Posted Sep 06, 2007 03:32 pm CDT
The New Jersey Supreme Court has refused to certify a nationwide class action against the company that makes the Vioxx painkiller, rejecting the plaintiffs’ efforts to prove losses through a “fraud on the market” theory.
A superior court judge had granted class action status to the suit against Merck & Co., and an appeals court had affirmed the decision, according to the New Jersey Star-Ledger.
But the state supreme court said in an opinion (PDF) released today that a class action was not appropriate because common fact questions did not predominate and a class action was not a superior way to resolve the dispute.
The plaintiff, a union trust fund that sponsors health benefits, sought to sue Merck & Co. on behalf of health plans that paid for Vioxx before it was withdrawn from the market. The plaintiff contended Merck hid or minimized risks of the drug, found to increase the risk of heart attacks and strokes.

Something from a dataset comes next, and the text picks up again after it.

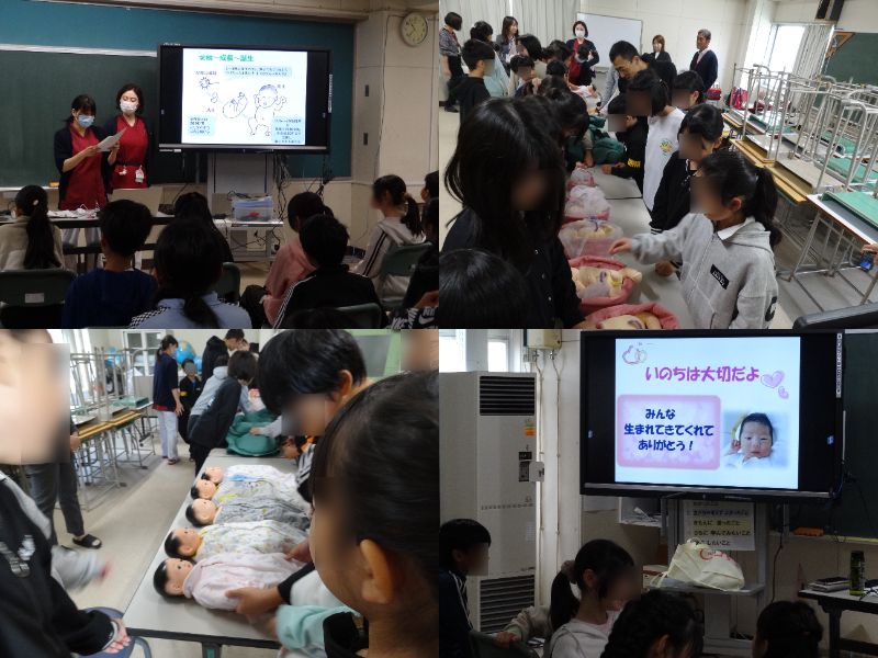 16日に助産師の方に来校いただき、5年生の保健の学習で「いのちの始まり」について学習を行いました。受精についての紙芝居や妊婦疑似エプロンでの体験、エコーでの赤ちゃんの顔の様子、赤ちゃんの心音、赤ちゃんの人形の抱っこなど、たくさんのことを学ばせていただきました。当日は、保護者の方にも参観いただき、わが子が生まれた時の感動も含め、命の大切さを学ぶ機会となりました。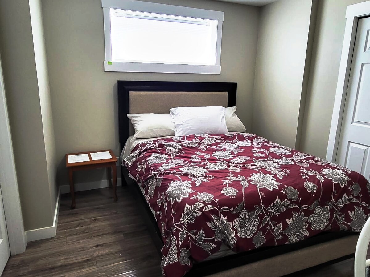 Enjoy the comfort & convenience that this cozy basement suite offers in the quiet Greens area. Make some memories at this unique & family-friendly villa. It is 5 mins drive from Costco & 8 mins drive from Walmart & Superstore. This super clean space has comfortable queen-sized bed & free parking. It has high speed internet 325 Mbps Wifi, 40'' smart TV including prime video and netflix access. Kitchenette has essentials such as microwave oven, refrigerator, hot water jug, coffee maker, toaster.

The court said fact questions would be too varied for a class action, since each health plan would have made individualized decisions about Vioxx prescriptions and suffered varying losses.
The plaintiffs had suggested losses could be proved by the analysis of experts who would determine how Merck’s alleged fraudulent marketing scheme affected drug pricing. But the court said the plaintiffs were advocating a “fraud on the market” theory that had been rejected in every context except for federal securities litigation.

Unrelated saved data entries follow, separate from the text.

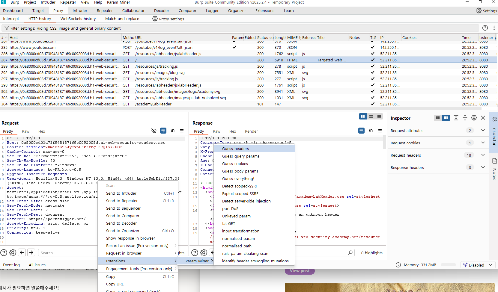 - Param Miner는 이 리스트에 있는 각 항목을 대상 요청에 하나씩 삽입하거나 수정하며 서버에 전송한다. 예를 들어, HTTP 헤더에 X-Host: test를 추가하거나, Origin: https://example.com을 넣는 식으로 요청을 변형한다.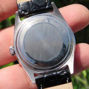 Features: 18k white gold case, non-Rolex diamond bezel and non-Rolex diamond dial, screw-down crown, plastic crystal, screw-back case, and a cal. 1555 automatic movement with 26 jewels.
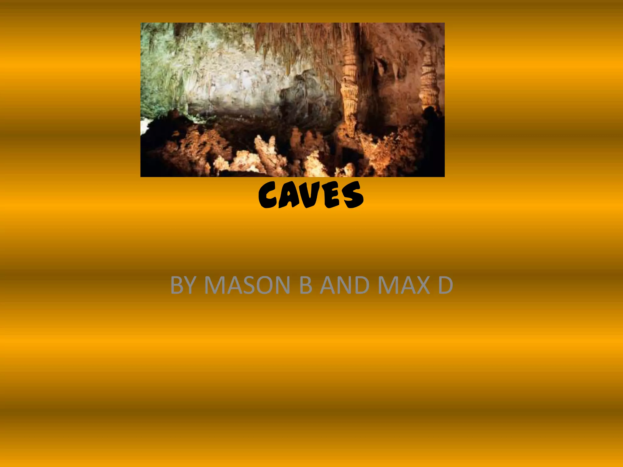 Caves are dark, wet habitats that support unique plant and animal life adapted to live without light. Common cave animals include blind salamanders, fish, crayfish and bats, while bacteria and fungi serve as cave plants. Caves have three zones - the entrance, twilight and dark zones - and come in different types like ice caves, sea caves and lava tubes. Cave life exhibits adaptations like lack of vision, use of guano for energy, and echolocation in bats.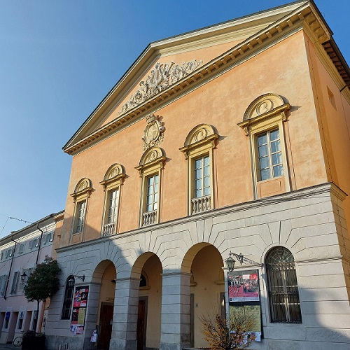 (Sesto Potere) – Fidenza (Pr) – 27 gennaio 2026 – La facciata neoclassica scandita da un portico a tre arcate sopra il quale si aprono cinque finestre sormontate da lunette che ospitano medaglioni con busti di musicisti e compositori. Lo stemma di Fidenza sopra la finestra centrale. Il foyer rivestito di stucchi a finto marmo decorato con fregi, maschere e putti, e al centro della volta due figure femminili simboleggianti la Musica e la Poesia. L’elegantissima sala degli spettacoli, a tre ordini di palchi, con uno sfarzoso boccascena arricchito da oro e stucchi bianchi. La volta affrescata su fondo azzurro, da cui si sporgono verso gli spettatori giocosi amorini e putti.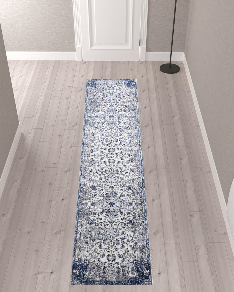 Add great coloration and comfortable texture to your space with this 10' ivory gray and blue floral power loom distressed stain resistant runner rug. This runner shaped rug features a floral design in ivory gray and blue to give it visual interest. A classic shape marries with good looking design for your space This superior Turkish rug represents the highest quality and is built to last. Ideal for spaces with kids and pets, this rug is stain resistant to help repel stains and spilled liquids. Place this area rug against a hardwood or tile floor and it will enliven your living space with style and sophistication. 0.39" H x 24" W x 120" D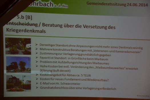 In einer Fotomontage hatte Bürgermeister Keck das Denkmal auf drei Standorte gerückt, unter anderem auf die Grünfläche beim Maibaum, vor das Anwesen Abel oder auf der jetzigen Fläche, nur etwas weiter nach hinten zurückversetzt. Doch aus dem Gemeinderat kamen weitere Vorschläge wie gegenüber der alten Kirche, („das ist aber mein Grundstück“, so Hans Vachal), bei der neuen Kirche, beim Rathausplatz oder auf dem Friedhof. Aber alle Vorschläge haben immer einen Nachteil: entweder wirkt das Denkmal „abgeschoben“ (Friedhof, Kirchen, Anwesen Abel) oder das Maibaumbauwerk müsste gegebenenfalls umgebaut werden, da sich sonst Maibaumaufstellung und Denkmal stören könnten. Die Gemeinderäte beschlossen, dass das Denkmal auf jeden Fall verlegt werden müsste, und dass Kosten entstehen, war allen klar. Sie einigten sich, die verschiedenen Möglichkeiten noch einmal mit dem Kameradenverein zu besprechen und in einer nächsten Sitzung darüber zu entscheiden. Als Hinweis verlas Bürgermeister Keck eine E-mail des örtlichen Heimatpflegers, der darauf hinwies, dass eine Verlagerung vor 25 Jahren einen Sturm der Entrüstung hervorgerufen hätte. Er plädierte dafür, den jetzigen Standort nicht einer Straßenplanung zu opfern.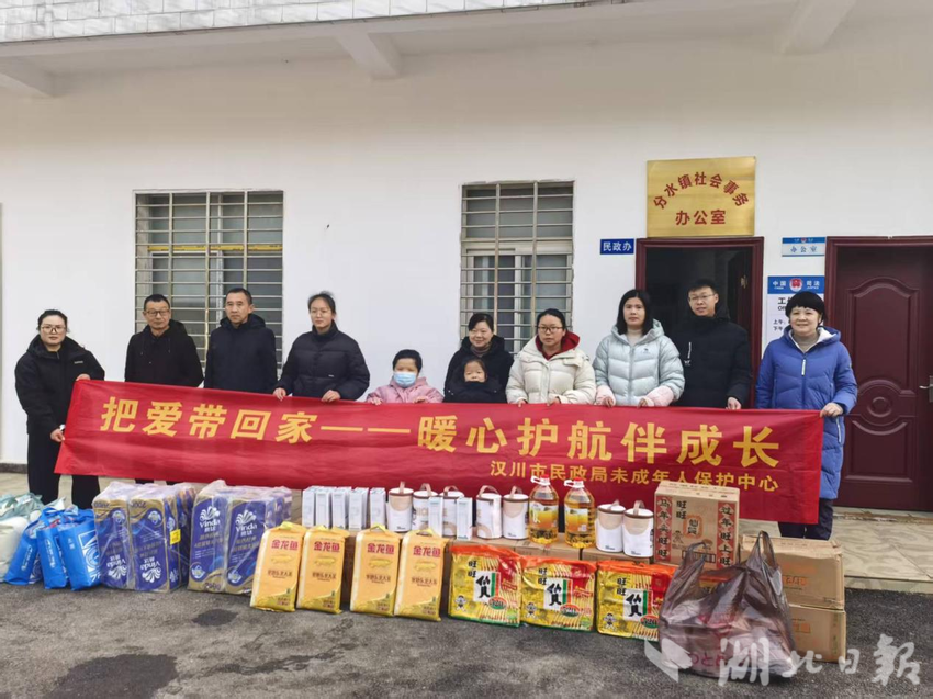湖北日报客户端讯(通讯员江明)1月28日,汉川市分水镇新时代文明实践所、镇妇联、镇民政联合汉川市民政局未成年人保护中心,共同开展把爱带回家“春暖”行动,为辖区留守困境儿童送去冬日温暖与新年祝福。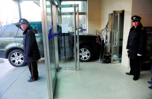 昨日下午4時(shí)許,京版信息港寫(xiě)字樓前,一輛路虎越野車騎在大樓入口處,車身只有擦痕,四周散落著鋁合金框架和玻璃碎片,寫(xiě)字樓大門已經(jīng)被撞碎了一半。
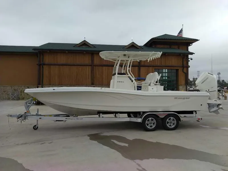The 2660 Bay Ranger builds on Ranger's sterling lineup of bay boats with a new hull, expanded capability and an extreme attention to detail to deliver incredible performance and fishability to pursue saltwater species around the globe. Twin rod storages and a massive fish box highlight the angler-centric front deck that is ideal for casting jigs or nets. Live bait rides behind the helm seat and/or in the front deck step for quick access to keep the bite going while rod holders throughout keep your gear handy. A rear swim platform and optional front-deck cushions add versatility to the 2660 for a family-oriented outing, but when it's time to get after the fish the 400-horsepower rating offers excitement on demand. The Ranger 2660 boasts ample muscle for all of your blue water quests.

The court also said other health plans had the wherewithal to bring their own suits, so a class action was not a superior method to resolve the claims.

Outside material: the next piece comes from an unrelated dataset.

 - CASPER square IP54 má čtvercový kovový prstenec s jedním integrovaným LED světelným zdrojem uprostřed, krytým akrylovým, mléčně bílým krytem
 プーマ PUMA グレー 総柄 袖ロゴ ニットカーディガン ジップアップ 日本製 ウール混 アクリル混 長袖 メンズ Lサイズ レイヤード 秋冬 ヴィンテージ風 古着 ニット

“Plaintiff and the other third-party payors are well-organized institutional entities with considerable resources,” the court said in the per curiam opinion. “We see no disparity in bargaining power and no likelihood that the claims are individually so small that they will not be pursued. In short, we find no ground on which to conclude that this proposed nationwide class meets the test for superiority that we have traditionally required.”